Eles alegam que mesmo após preencher todos os requisitos para se aposentar e contribuir por mais de 40 anos, o policial civil terá uma redução de sua aposentadoria, cujo cálculo partirá de apenas 60% da média das remunerações recebidas ao longo da vida policial. Caso o policial venha a falecer, a pensão por morte devida a seus cônjuges e filhos partirá, na prática, de apenas 35% do valor que recebia na ativa. A categoria afirma ainda que os integrantes da segurança pública civil contribuem com 14% para a previdência, da mesma forma que os servidores públicos em geral, e poderão passar a pagar até 18%.

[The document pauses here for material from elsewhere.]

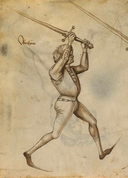 "stand mit linken fuoß vor, vnd halt din schwert (...) vßgerechten armen vber din haup"

“Aposentar-se com idade menor e menos tempo de contribuição tendo que arcar com drástica redução do valor da aposentadoria em razão disso não é benefício algum para quem se submeteu a uma vida inteira de risco à vida em prol do povo catarinense.”

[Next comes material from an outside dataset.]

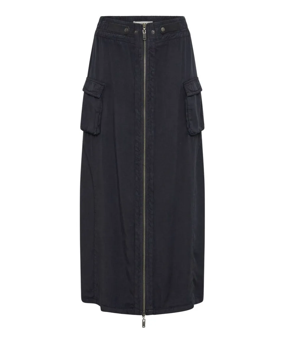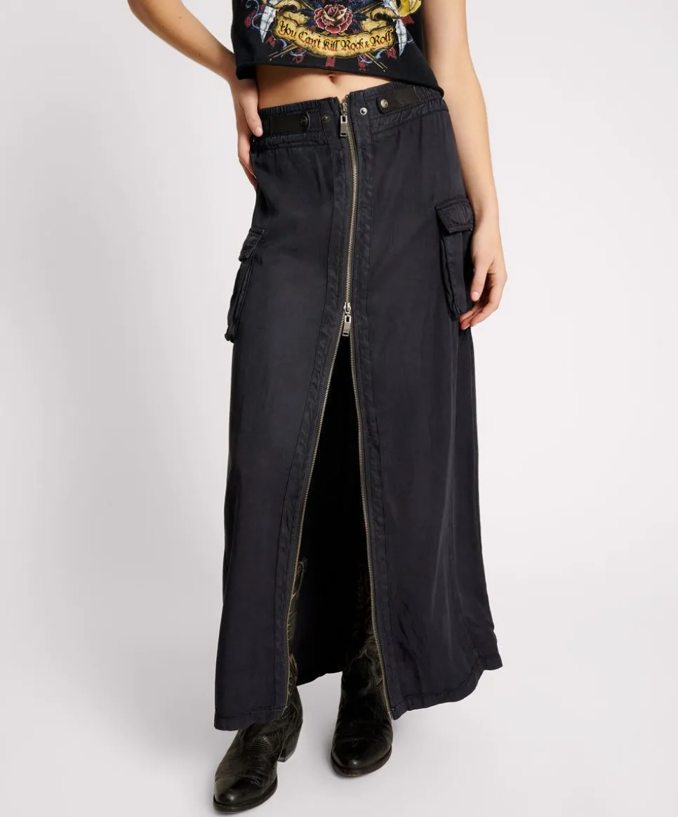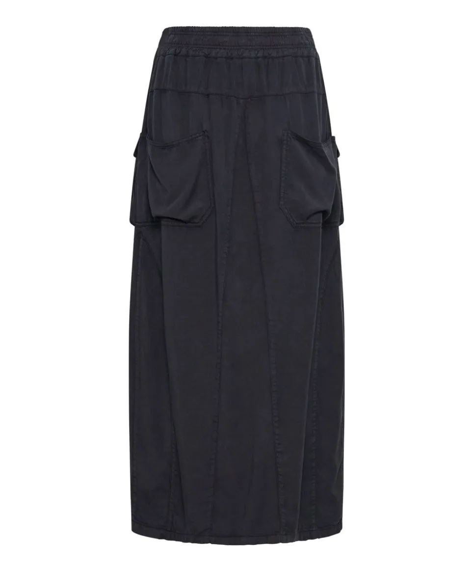 Introducing The Washed Black Tencel Parachute Skirt. A 90S Inspired Statement Skirt. Low Waisted With A Relaxed And Loose Fit. Featuring Large Utility Pockets, Adjustable Waist Tabs And An Elasticated Waist.

Além dos questionamentos já mencionados, a 7ªDRP ainda diz observar uma diferenciação entre a Polícia Civil e a Polícia Militar. “Qual é a razão de tamanha diferenciação? Quantos irão aceitar arriscar a vida diariamente e correr o risco de morrer ou ficar incapaz, em razão de um disparo de arma de fogo criminoso ou de uma perseguição a foragidos, e ainda ter sua família desamparada? Por que o Governo do Estado de Santa Catarina pretende dar esse tratamento diferenciado às polícias, mesmo sabendo que todos arriscam suas vidas diariamente da mesma maneira, se submetem aos mesmos regimes especiais de serviço, de maneira insalubre, perigosa e em plantões noturnos de dezenas de horas consecutivas de trabalho? Isso sem contar o risco que suas famílias correm durante décadas e mesmo depois da aposentadoria em virtude do sacrifício dos policiais.”

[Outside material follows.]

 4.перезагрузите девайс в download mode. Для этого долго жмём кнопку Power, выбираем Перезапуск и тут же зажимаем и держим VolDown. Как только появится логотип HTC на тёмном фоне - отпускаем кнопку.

Ainda em nota, eles afirmam que não são contrários à reforma da previdência, mas acreditam na justiça do regime previdenciário pretendendo que os direitos sejam estendidos para as outras polícias também. “Reforçamos que Polícia Civil já presta sua relevante parcela de contribuição, dando lucro ao regime previdenciário do Estado de Santa Catarina, de modo que não aceitará de maneira alguma o tratamento injusto e desleal que o Governo busca tratar os policiais, equiparando-os a servidores públicos comuns e suprimindo direitos sagrados daqueles que dedicam suas vidas inteiras, muitas vezes morrendo em serviço, para que o povo catarinense possa andar seguro nas ruas, criar suas famílias e viver em paz”.